Dataset section –
==========

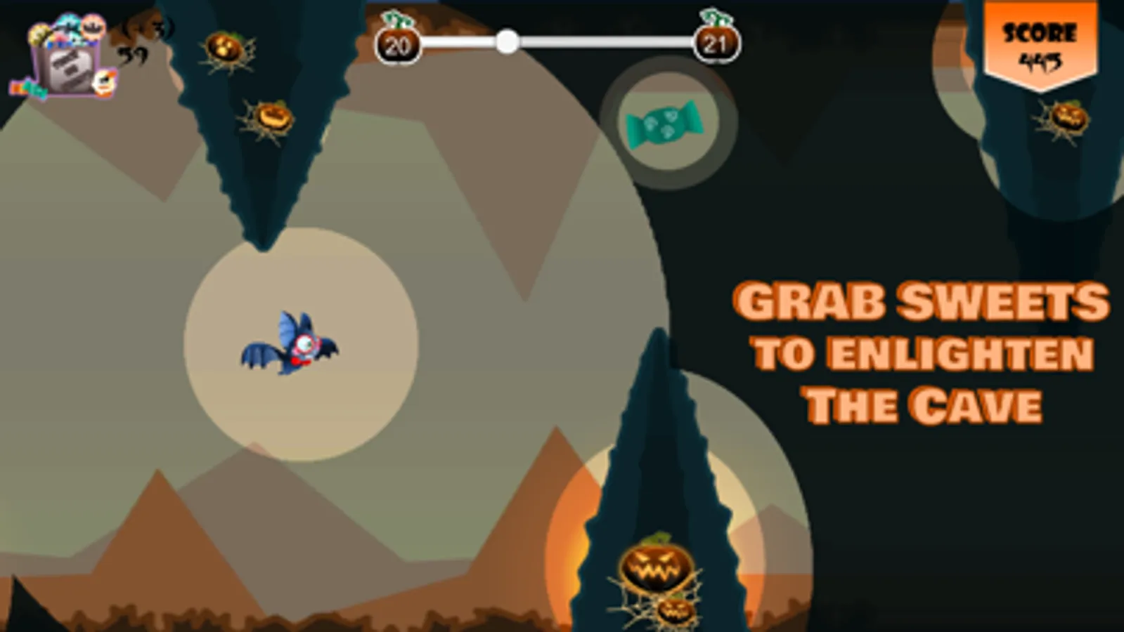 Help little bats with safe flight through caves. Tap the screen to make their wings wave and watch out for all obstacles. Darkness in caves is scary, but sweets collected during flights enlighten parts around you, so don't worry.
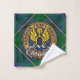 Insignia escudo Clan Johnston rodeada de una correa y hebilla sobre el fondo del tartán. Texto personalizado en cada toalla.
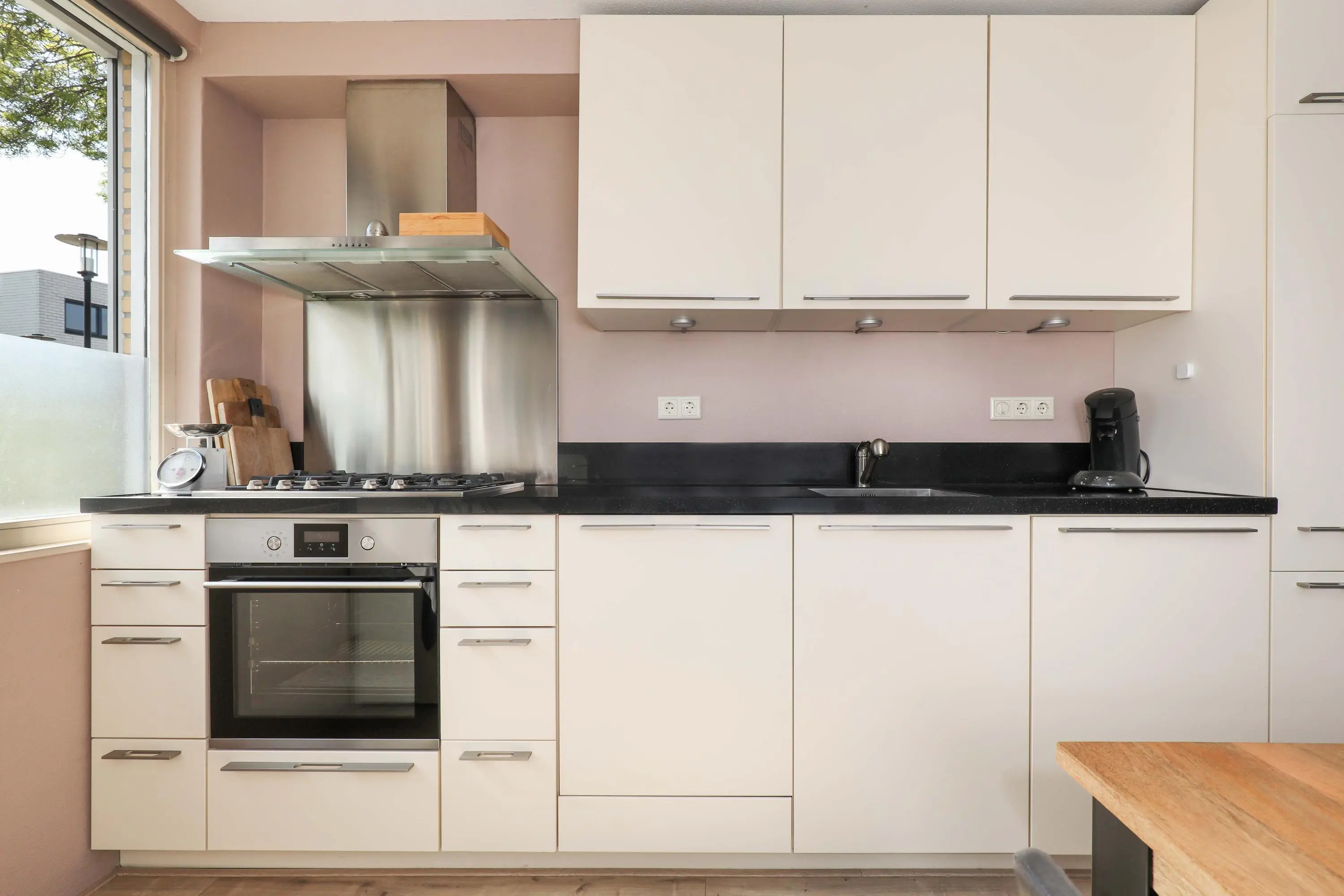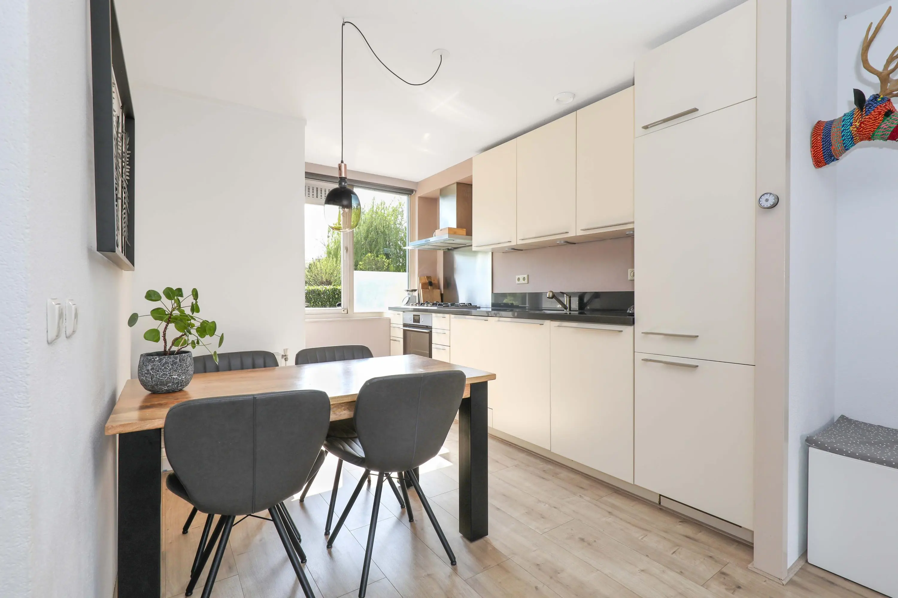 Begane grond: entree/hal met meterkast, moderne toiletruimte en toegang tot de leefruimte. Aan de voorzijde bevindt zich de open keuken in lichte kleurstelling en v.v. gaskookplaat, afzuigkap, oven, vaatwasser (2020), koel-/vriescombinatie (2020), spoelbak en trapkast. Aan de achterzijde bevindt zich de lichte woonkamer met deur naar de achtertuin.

==========

Exercise goal – Give back the data exactly. Skip any images.

Task solution –
 Help little bats with safe flight through caves. Tap the screen to make their wings wave and watch out for all obstacles. Darkness in caves is scary, but sweets collected during flights enlighten parts around you, so don't worry.
 Insignia escudo Clan Johnston rodeada de una correa y hebilla sobre el fondo del tartán. Texto personalizado en cada toalla.
 Begane grond: entree/hal met meterkast, moderne toiletruimte en toegang tot de leefruimte. Aan de voorzijde bevindt zich de open keuken in lichte kleurstelling en v.v. gaskookplaat, afzuigkap, oven, vaatwasser (2020), koel-/vriescombinatie (2020), spoelbak en trapkast. Aan de achterzijde bevindt zich de lichte woonkamer met deur naar de achtertuin.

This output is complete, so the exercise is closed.